As such, for some diplomatic postings, it is more desirable to have someone who have been a fixture and who is known by his foreign counterparts. This three to five-year rule has hardly existed.
In fact, if you examine the names of most of the persons who are likely to be replaced, you will find that they have been in their posts for only a few years. Most of them were appointed by the APNU/AFC government a few years ago.
What is the plan of the Foreign Ministry? Is it to bring back all of those diplomats who have been overseas for more than three to five years.

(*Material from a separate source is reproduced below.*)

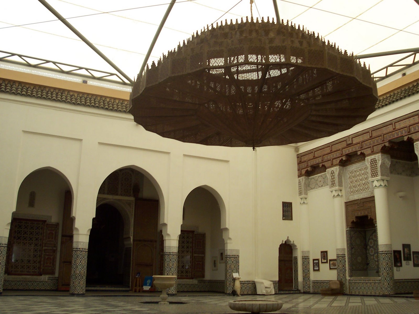 The lobby of the Marrakech museum held the hugest and most impressive brass chandelier one could possibly imagine. Recesses that once served as fountains held audio speakers that played luscious and hypnotic oud music which I would happily have bought had it not cost even more than it would here in New York.

This will severely weaken the Foreign Service because the new diplomats appointed a few years ago are likely to be recalled even before they have had time to get their feet wet within the diplomatic service.
And some of the senior diplomats such as those in Brazil and Suriname and China, United States, Canada and the United Nations would have to return home and would have to be replaced by junior diplomats. Guyana cannot afford to have underlings manning those critical Missions
A poor country without the luxury of large budgets to spend on your foreign relations cannot afford to be chopping, changing and rotating its diplomats every three to five years, especially when dealing with certain high profile Missions.
The timing of the proposed reshuffle is perplexing. Elections are a mere three months away. Why have a major reshuffle now? Why not wait for the elections before making changes?
The Foreign Ministry is yet to deny reports in the media that the envoys to Venezuela, Trinidad and Tobago, China, Switzerland and Canada are likely to be replaced. If these reports are true, one would have to question why would anyone want to make such changes at this time given the strategic importance of all of these countries.
All of these envoys, save one, were appointed under the APNU/AFC and their five-year term has not yet expired.